I recently tried using the "pattern" attribute of an input[type='text'] element. I, like so many others, found it to be a letdown that it would not validate until a form was submitted. So a person would be wasting their time typing (or pasting...) numerous characters and jumping on to other fields, only to find out after a form submit that they had entered that field wrong. Ideally, I wanted it to validate field input immediately, as the user types each key (or at the time of a paste...)
The trick to doing a partial regex match (until the ECMAscript people and browser makers get it together with PCRE...) is to not only specify a pattern regex, but associated template value(s) as a data attribute. If your field input is shorter than the pattern (or input.maxLength...), it can use them as a suffix for validation purposes. YES -this will not be practical for regexes with complex case outcomes; but for fixed-position template pattern matching -which is USUALLY what is needed- it's fine (if you happen to need something more complex, you can build on the methods shown in my code...)
The example is for a bitcoin address [ Do I have your attention now? -OK, not the people who don't believe in digital currency tech... ] The key JS function that gets this done is validatePattern. The input element in the HTML markup would be specified like this:
<input id="forward_address"
name="forward_address"
type="text"
maxlength="90"
pattern="^(bc(0([ac-hj-np-z02-9]{39}|[ac-hj-np-z02-9]{59})|1[ac-hj-np-z02-9]{8,87})|[13][a-km-zA-HJ-NP-Z1-9]{25,34})$"
data-entry-templates="['bc099999999999999999999999999999999999999999999999999999999999','bc1999999999999999999999999999999999999999999999999999999999999999999999999999999999999999','19999999999999999999999999999999999']"
onkeydown="return validatePattern(event)"

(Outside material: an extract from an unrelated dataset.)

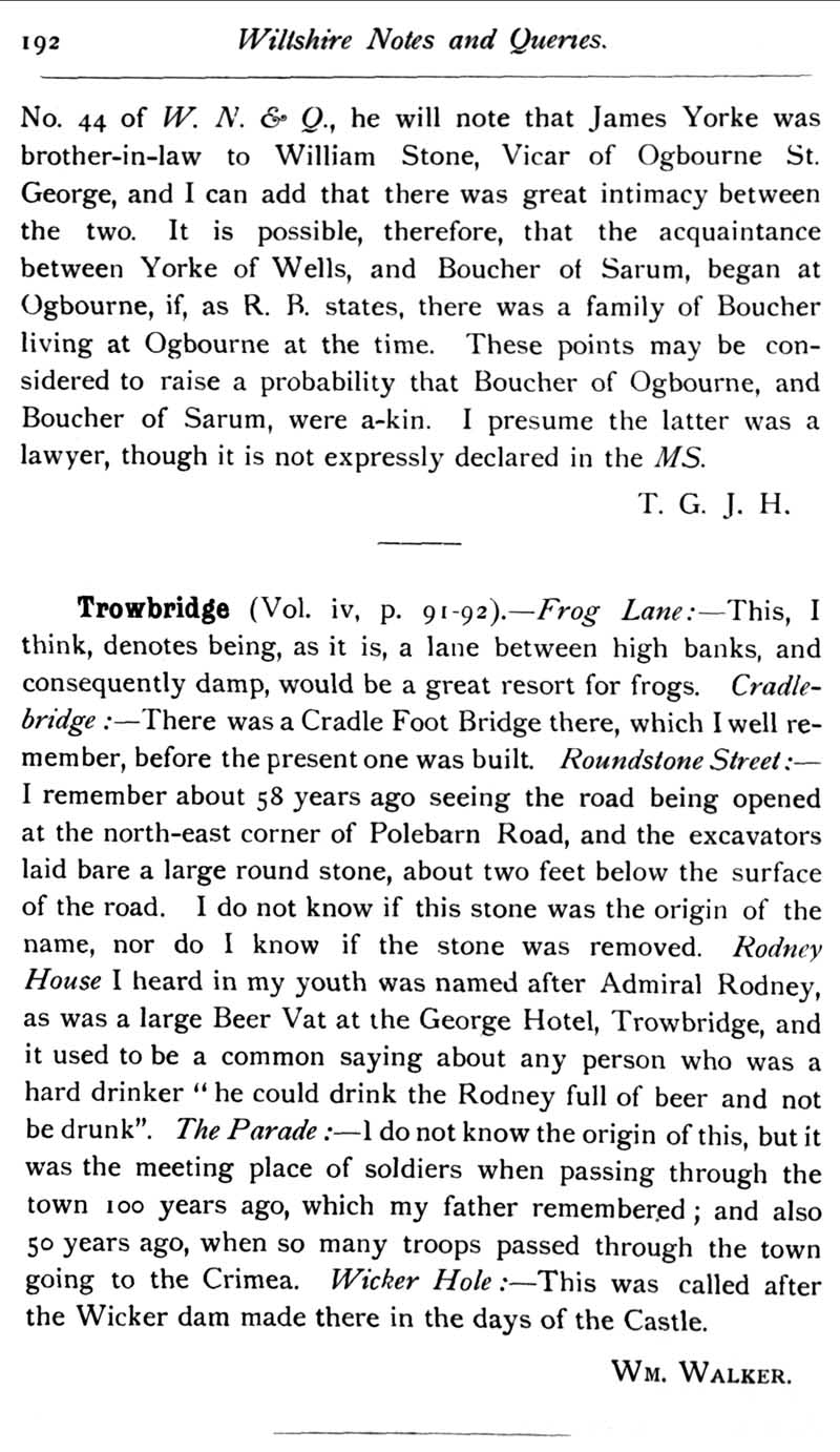 Chapter 5 Snigg; Eyre of Wiltshire; Records of Wiltshire Parishes: Urchfont with Stert; Chippenham Parish Church; Quakerism in Wiltshire; Feet of Fines for Wiltshire; Wiltshire Wills; A lsit of Wiltshire Portraits; Queries; Replies.
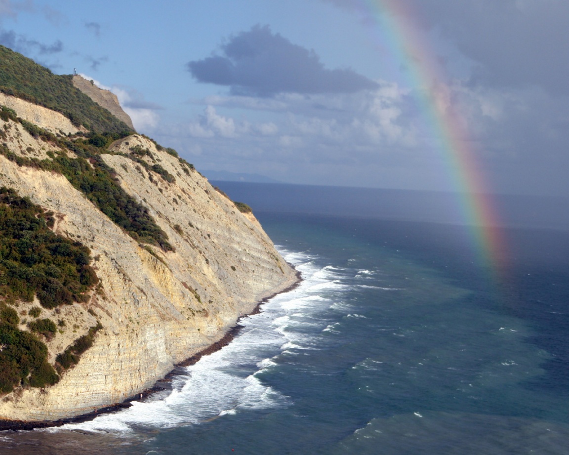 Description: A rainbow is seen over the ocean and cliffs of a cliff side with a beach below it and a body of water below.

onpaste="return validatePattern(event)"
required
/>
[Credit goes to this post: "RegEx to match Bitcoin addresses?
" Note to old-school bitcoin zealots who will decry the use of a zero in the regex here -it's just an example for accomplishing PRELIMINARY validation; the server accepting the address passed off by the browser can do an RPC call after a form post, to validate it much more rigorously. Adjust your regex to suit.]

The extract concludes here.